Assuming we are talking about the 'old' Jetson Nano, not the Orion

@VbsmRobotic
Copy link
Author

Thank you for your prompt response. I appreciate the clarification about CUDA compatibility on the Jetson Nano. However, when I check the CUDA version using nvcc --version, it seems that I can't find the installed CUDA version. Could you kindly provide guidance on how to resolve this issue? Thank you.
nvcc_V

@Qengineering
Copy link
Owner

nvcc should be located in folder /usr/local/cuda/bin/.
Please incorporate the location into your PATH string

@VbsmRobotic
Copy link
Author

Thank you for your generous help. I've successfully incorporated the changes into the bashrc file and verified the CUDA version is now visible.

@VbsmRobotic
Copy link
Author

Hello,
I am reaching out for guidance based on the information provided in the following link: https://forums.developer.nvidia.com/t/pytorch-for-jetson/72048.

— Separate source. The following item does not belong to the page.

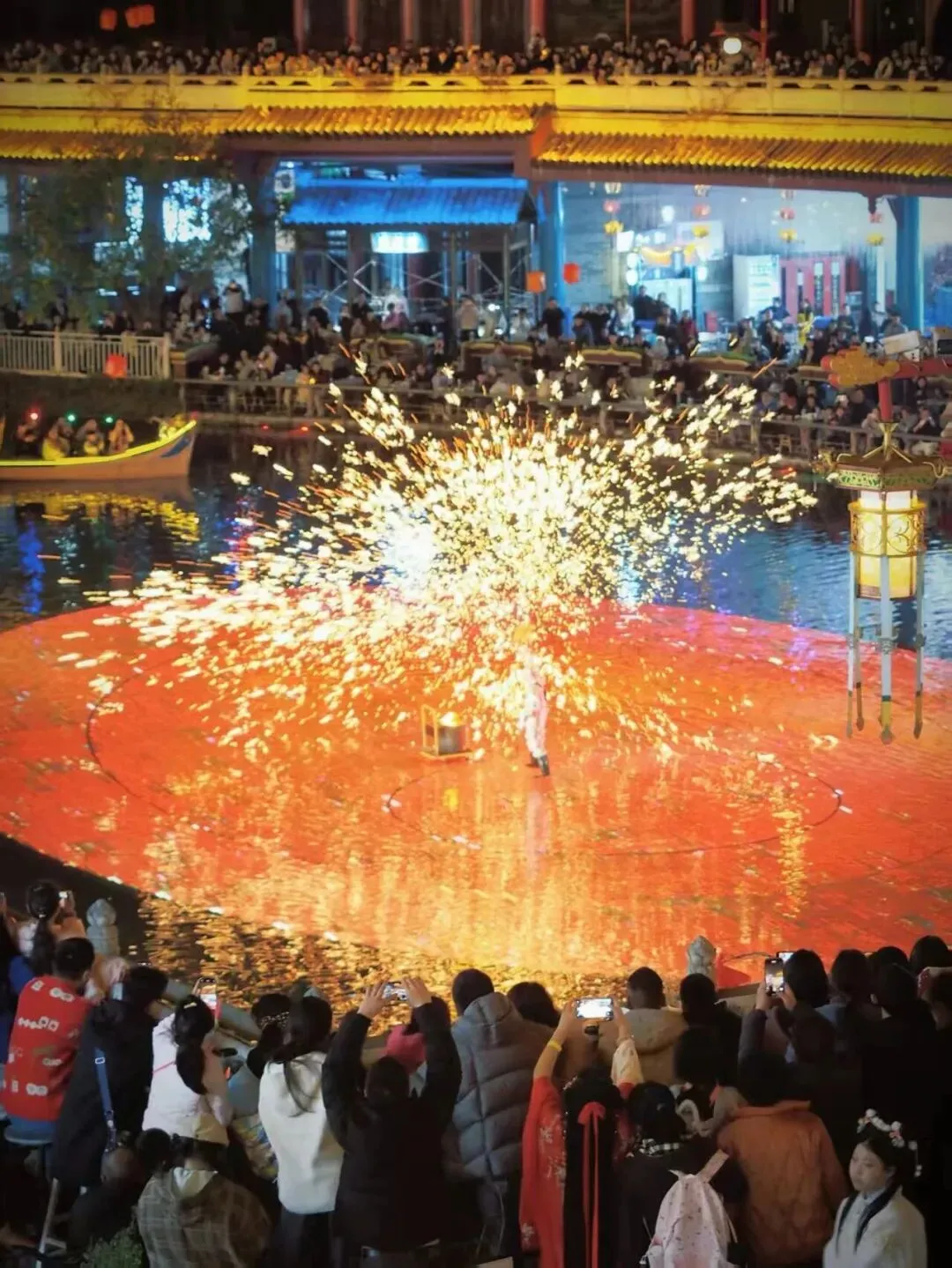 建筑、灯光、演员和游客

To install PyTorch on my Jetson Nano, I've created a virtual environment using Python 3.6, as specified in the requirements for JetPack 4. However, during the installation process, I encountered the following error:

(py_env) jetson@nano:~$ python3
Python 3.6.15 (default, Nov 15 2023, 11:27:50)
[GCC 9.4.0] on linux
Type "help", "copyright", "credits" or "license" for more information.

import torch
Traceback (most recent call last):
File "", line 1, in
File "/home/jetson/vahid_ws/Jetson-Nano-OCR-Detection/build/config_virtualenv/py_env/lib/python3.6/site-packages/torch/init.py", line 195, in
_load_global_deps()
File "/home/jetson/vahid_ws/Jetson-Nano-OCR-Detection/build/config_virtualenv/py_env/lib/python3.6/site-packages/torch/init.py", line 148, in _load_global_deps
ctypes.CDLL(lib_path, mode=ctypes.RTLD_GLOBAL)
File "/usr/local/lib/python3.6/ctypes/init.py", line 348, in init
self._handle = _dlopen(self._name, mode)
OSError: libmpi_cxx.so.20: cannot open shared object file: No such file or directory

I would greatly appreciate your advice on resolving this issue. Your assistance is invaluable to me at this stage.

Thank you in advance

@Qengineering
Copy link
Owner

Tip: ask chatGPT. It can give valuable answers. In your case:
The error you're encountering indicates that the libmpi_cxx.so.20 shared library cannot be found. This library is part of the Message Passing Interface (MPI) library. It seems like there might be an issue with your MPI installation or the environment variables related to it.

Here are a few steps you can take to address this issue:

  1. Check MPI Installation:
    Make sure that MPI is correctly installed on your system. You may need to reinstall MPI or ensure that the required libraries are available. On a Debian-based system, you can use the following command to install MPI:

    sudo apt-get install libopenmpi-dev

    If you are using a different package manager or operating system, adjust the command accordingly.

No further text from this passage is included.